Arbeitsgruppen I

Thematischer Austausch zur Podiumsdiskussion

Termin
Ende
Referent*innen

Dr. Gábor Kismihók

ReMO Action Chair

Since I obtained my summa cum laude PhD in management sciences (information management) in 2012, I have been concentrating my research efforts on the multi-disciplinary area of matching processes between education, labor market, and individuals. Previously, I founded the Center of Job Knowledge Research at the Amsterdam Business School, University of Amsterdam (UvA). Since then I have supervised doctoral research at the intersection of the following fields: Knowledge Management, Learning Analytics, Data Science and Organizational Behavior.

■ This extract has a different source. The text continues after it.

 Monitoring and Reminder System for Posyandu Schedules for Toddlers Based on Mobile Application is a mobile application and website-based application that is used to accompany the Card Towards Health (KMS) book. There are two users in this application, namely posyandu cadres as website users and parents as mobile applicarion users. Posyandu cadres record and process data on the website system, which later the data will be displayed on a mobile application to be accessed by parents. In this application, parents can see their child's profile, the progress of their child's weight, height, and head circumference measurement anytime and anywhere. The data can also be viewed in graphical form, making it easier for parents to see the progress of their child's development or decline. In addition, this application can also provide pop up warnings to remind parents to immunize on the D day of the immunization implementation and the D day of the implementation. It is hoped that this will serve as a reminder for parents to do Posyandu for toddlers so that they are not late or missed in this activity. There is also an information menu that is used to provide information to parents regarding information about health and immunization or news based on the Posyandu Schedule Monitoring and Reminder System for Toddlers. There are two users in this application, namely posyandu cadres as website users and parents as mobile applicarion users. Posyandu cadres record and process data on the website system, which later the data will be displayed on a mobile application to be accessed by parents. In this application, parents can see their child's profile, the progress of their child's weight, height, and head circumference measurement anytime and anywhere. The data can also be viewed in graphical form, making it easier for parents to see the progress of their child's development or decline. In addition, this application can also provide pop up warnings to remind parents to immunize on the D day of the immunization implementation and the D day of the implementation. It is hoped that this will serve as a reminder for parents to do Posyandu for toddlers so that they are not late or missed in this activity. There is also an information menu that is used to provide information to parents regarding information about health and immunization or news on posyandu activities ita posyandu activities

I published my research in various peer-reviewed international journals and book chapters, mostly in the fields of knowledge management and education (e.g.: Organizational Research Methods, Journal of Learning Analytics (JLA), Journal of Vocational Behavior, and British Educational Research Journal). I regularly review manuscripts for academic journals and conferences in the scientific community I am engaged with (e.g. Computers in Human Behavior, JLA, LAK).

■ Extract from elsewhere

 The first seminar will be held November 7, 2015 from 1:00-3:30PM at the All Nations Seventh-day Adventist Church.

As the coordinator of the FP7 MSCA ITN Eduworks project, I developed a multi-disciplinary training programme for graduate students. This included the development of a transversal (e.g. writing and communication skills) and a personalized, research specific training programme covering methodological (advanced statistical methods, research design) and technical (data science, basic coding skills) courses for social scientists. Utilizing the above-mentioned training, I organized a number of summer and winter schools. Further, I worked out a complex quality management system to monitor the training progress of a multi-disciplinary group of graduate students

Dr. Stefan Mol

ReMO Action project, Working Group 2 Chair

Stefan T. Mol is assistant professor in Organizational Behavior and Research Methods at the Amsterdam Business School of the University of Amsterdam and co-founder and board member of the Scilink foundation. He received his Master's degree in psychology at the University of Amsterdam in 2000, and his PhD in psychology in 2007, at the Institute of Psychology of the Erasmus University Rotterdam. Stefan was/is involved in the EU-Funded Leonardo da Vinci Ontohr, Med-Assess, Ontotech and Nursing AI projects. From 2013-2017 Stefan served on the Board of Management and Supervisory Board of the FP7 Marie Curie Initial Training Network (ITN) Eduworks (see http://www.eduworks-network.eu) a project aimed at the socio-economic and psychological dynamics of labour supply and demand matching processes at aggregated and disaggregated levels. Finally, Stefan was involved in the coordination of a university-wide project aimed at establishing Learning Analytics at the University of Amsterdam from 2013-2016, and its successor from 2017-2019.

Dr. Brian Cahill

Dr Brian Cahill works in the Learning and Skills Analytics Lab of the Leibniz Information Centre for Science and Technology in Hannover as Grant Manager of the COST Action CA19117 on Researcher Mental Health. He is a Member of the Governing Board of EuroScience and was Chair of the Marie Curie Alumni Association from March 2016 to February 2018. In these roles, he engaged with early-career researchers on topics ranging from researcher career development, innovation, research funding, science communication, science policy, researcher pensions, research integrity, responsible research and innovation and many more.

He studied Mechanical Engineering in Ireland and moved to Germany in 1998 to take up a position with Hewlett Packard. He received his PhD for work in electrokinetically-driven fluid flow from the ETH Zurich in 2004 and subsequently carried out postdoctoral research in colloid and interface science at the University of Geneva. He was a Marie Curie fellow and Junior Research Group Leader at the Institute for Bioprocessing and Analytical Measurement Techniques in Heilbad Heiligenstadt (Germany), where his research interests focussed on measurement techniques for droplet-based microfluidics.